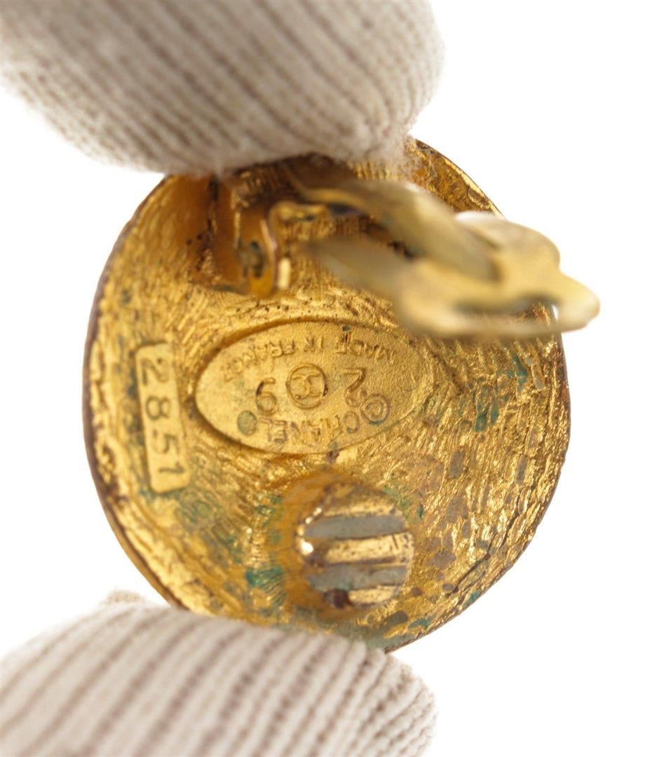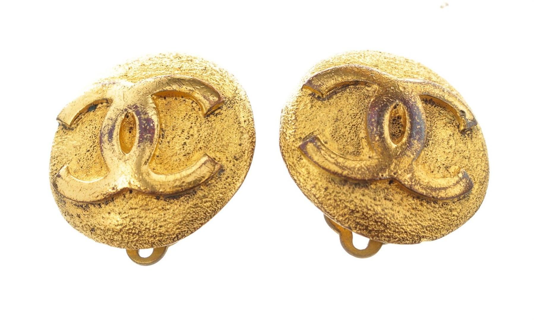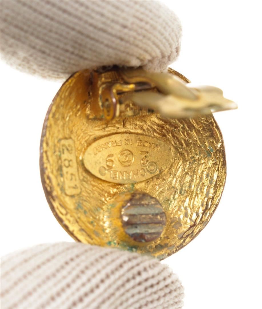 Chanel Gold CC Round Shape Earrings with gold-tone hardware.
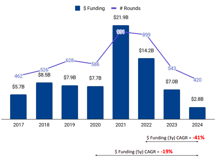 Southeast Asia (SEA) faced a challenging year in 2024, marked by a significant contraction in funding, amid a weak global economy. According to Tracxn's latest report, crafted by expert analysts, the region's tech ecosystem experienced a steep decline in financial inflows and major shifts in the market landscape while continuing to innovate and adapt to the challenges.
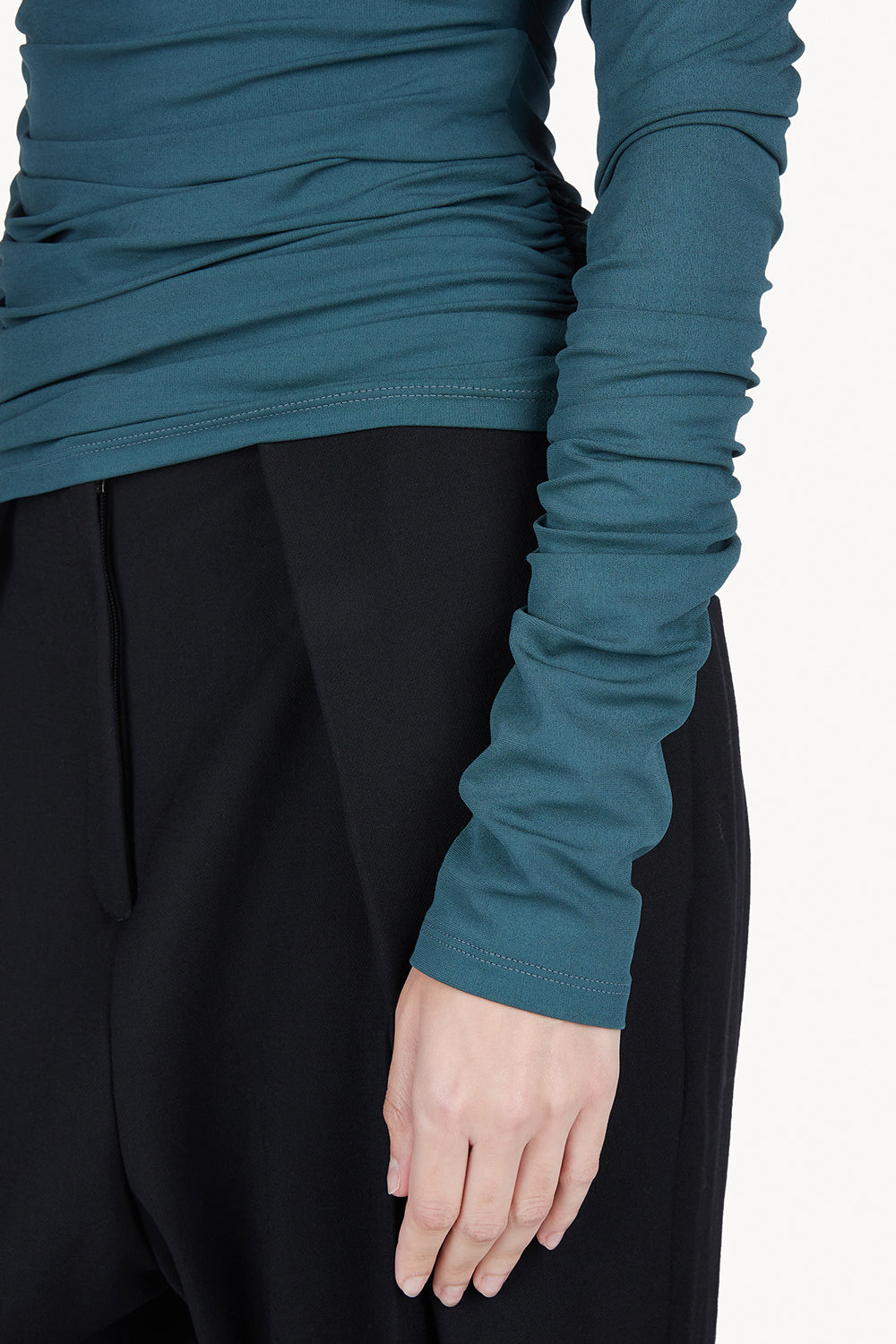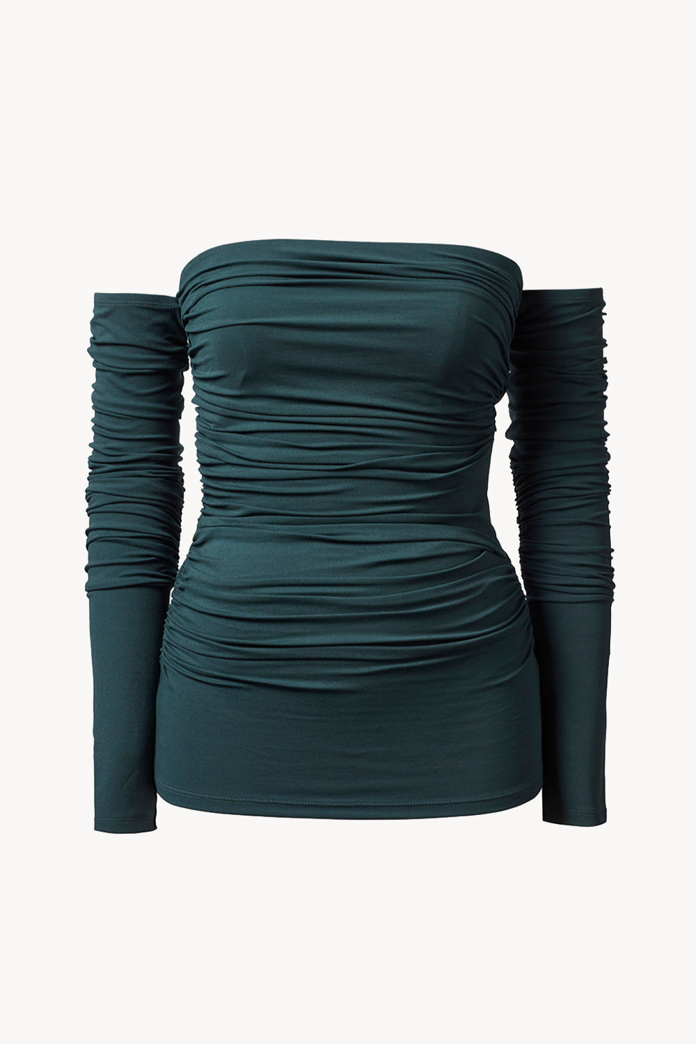 The Amara Top is the perfect day to evening piece. Featuring delicate gathers at the side seams and along its long slim sleeves and finished with a bare shoulder design. The Amara Top is an understated piece to complete an elevated, refined look.
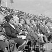 I sekretarz KC PZPR Edward Gierek, prezes Rady Ministrów Piotr Jaroszewicz oraz przewodniczący Rady Państwa Henryk Jabłoński podczas Centralnych Dożynek na Stadionie im. 22 Lipca
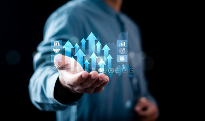 Financial business data analytics graph dashboard. Businessman using KPI dashboard. Management data System KPI connected in database for follow earnings,operations and sales data.
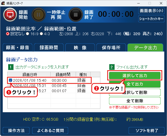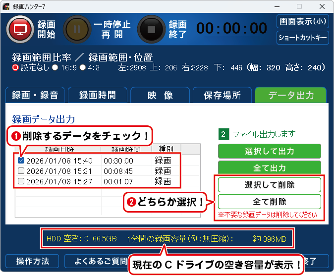 既に動画または音声ファイルとして出力した録画データは、選択して削除してください。
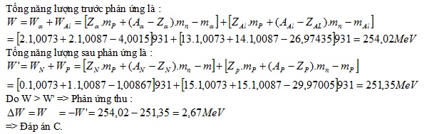 Ban cơ bản Cho phản ứng hạt nhân , khối lượng của các hạt nhân là mα = 4,0015u, mAl = 26,97435u,
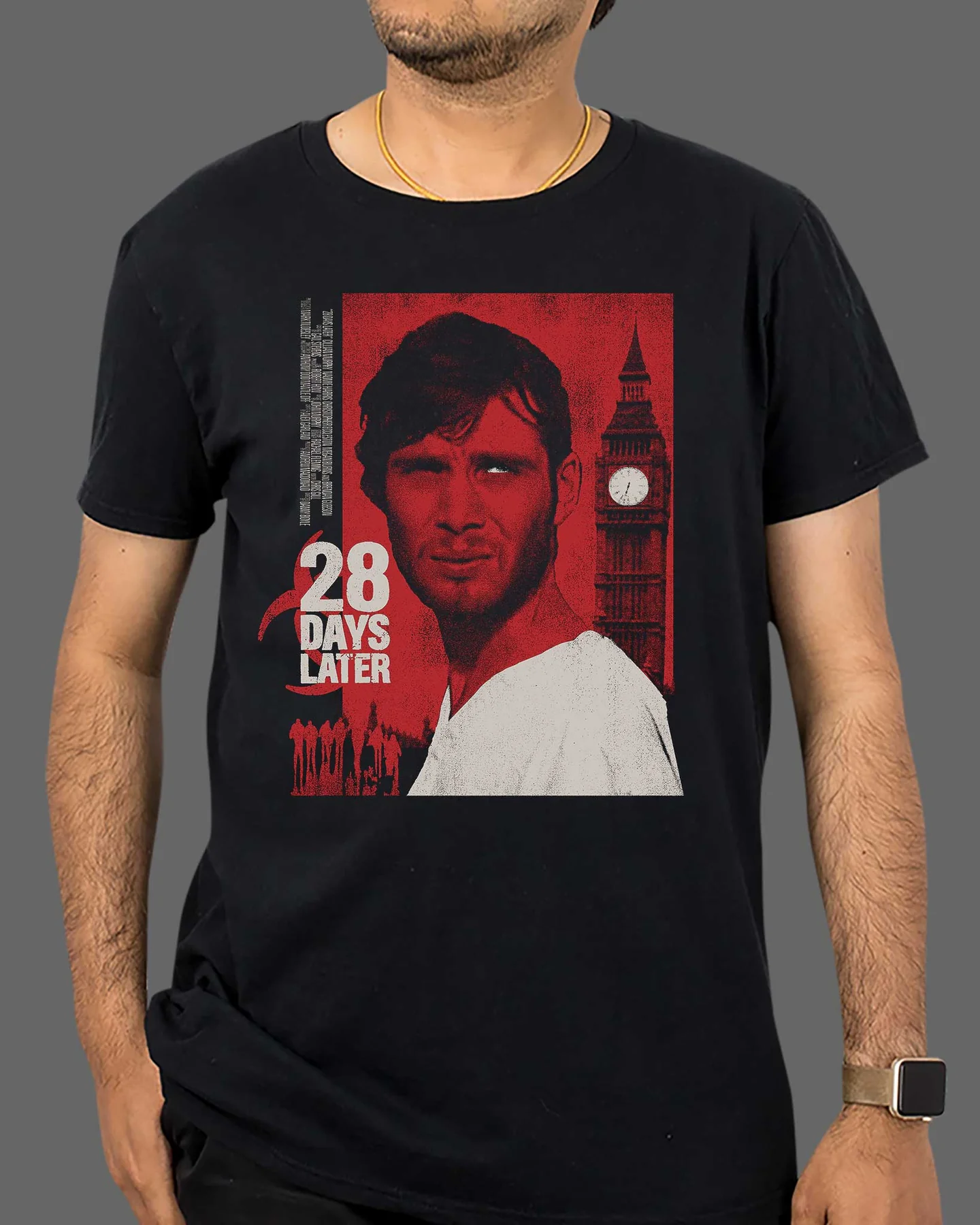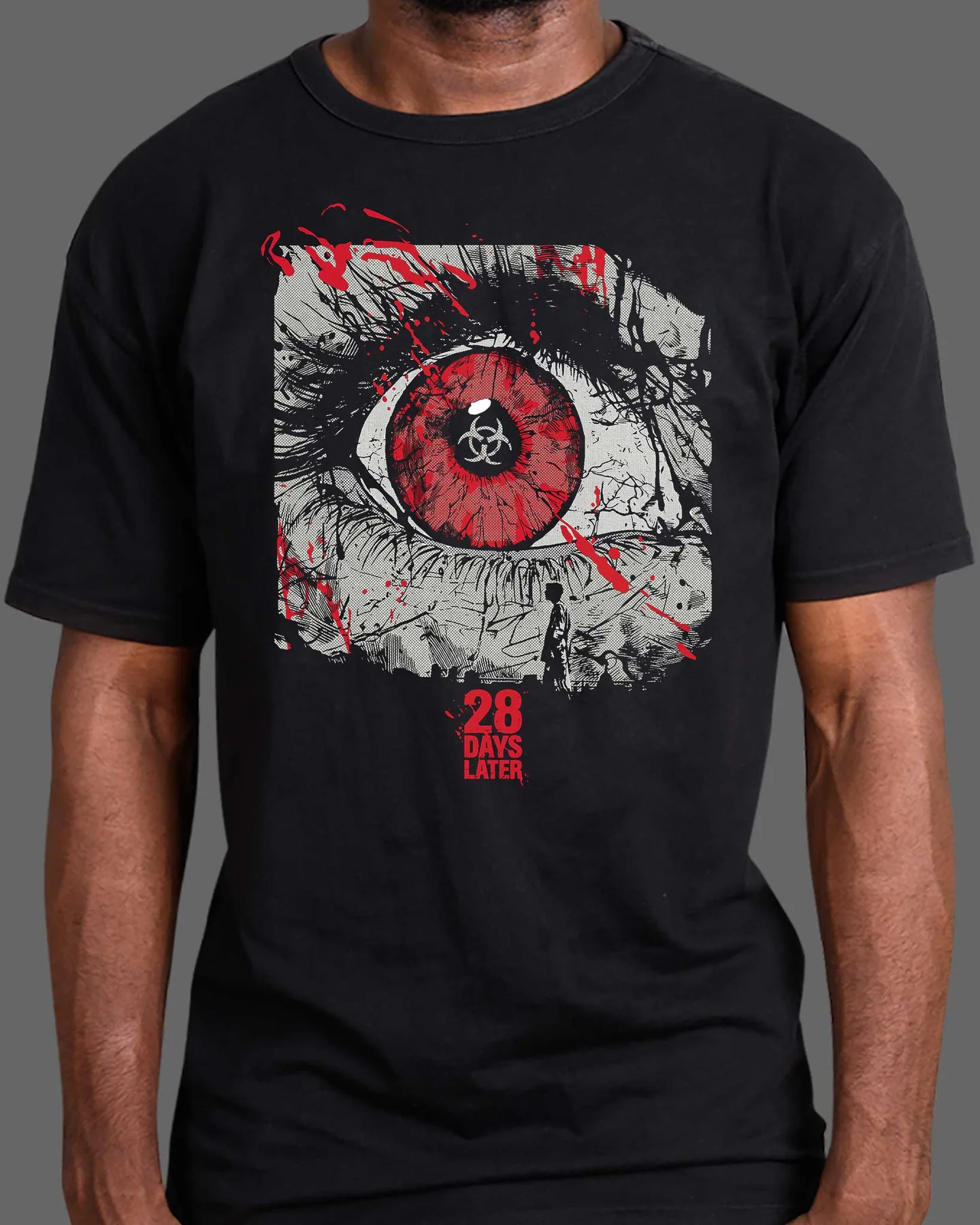 Currently, they’re offering three designs, all on black shirts with muted red and white designs by Kyle Crawford. The first, “Rage,” features the eye of someone infected with the rage virus, spiraling out of control, while “The Days Are Numbered” features a motif of skulls, biohazard symbols, and the number 28. The third, “Alone,” puts original star Cillian Murphy front and center alongside the film’s title, in a replica of one of the most famous stills from the film. All three shirts retail for $33 USD, and are also available in Comfort Colors options.

________________________

EXERCISE AIM - Where a record holds a picture, skip the picture and copy everything else exactly.

OUTPUT FOR THIS TASK -
 Chanel Gold CC Round Shape Earrings with gold-tone hardware.
 Southeast Asia (SEA) faced a challenging year in 2024, marked by a significant contraction in funding, amid a weak global economy. According to Tracxn's latest report, crafted by expert analysts, the region's tech ecosystem experienced a steep decline in financial inflows and major shifts in the market landscape while continuing to innovate and adapt to the challenges.
 The Amara Top is the perfect day to evening piece. Featuring delicate gathers at the side seams and along its long slim sleeves and finished with a bare shoulder design. The Amara Top is an understated piece to complete an elevated, refined look.
 I sekretarz KC PZPR Edward Gierek, prezes Rady Ministrów Piotr Jaroszewicz oraz przewodniczący Rady Państwa Henryk Jabłoński podczas Centralnych Dożynek na Stadionie im. 22 Lipca
 Financial business data analytics graph dashboard. Businessman using KPI dashboard. Management data System KPI connected in database for follow earnings,operations and sales data.
 既に動画または音声ファイルとして出力した録画データは、選択して削除してください。
 Ban cơ bản Cho phản ứng hạt nhân , khối lượng của các hạt nhân là mα = 4,0015u, mAl = 26,97435u,
 Currently, they’re offering three designs, all on black shirts with muted red and white designs by Kyle Crawford. The first, “Rage,” features the eye of someone infected with the rage virus, spiraling out of control, while “The Days Are Numbered” features a motif of skulls, biohazard symbols, and the number 28. The third, “Alone,” puts original star Cillian Murphy front and center alongside the film’s title, in a replica of one of the most famous stills from the film. All three shirts retail for $33 USD, and are also available in Comfort Colors options.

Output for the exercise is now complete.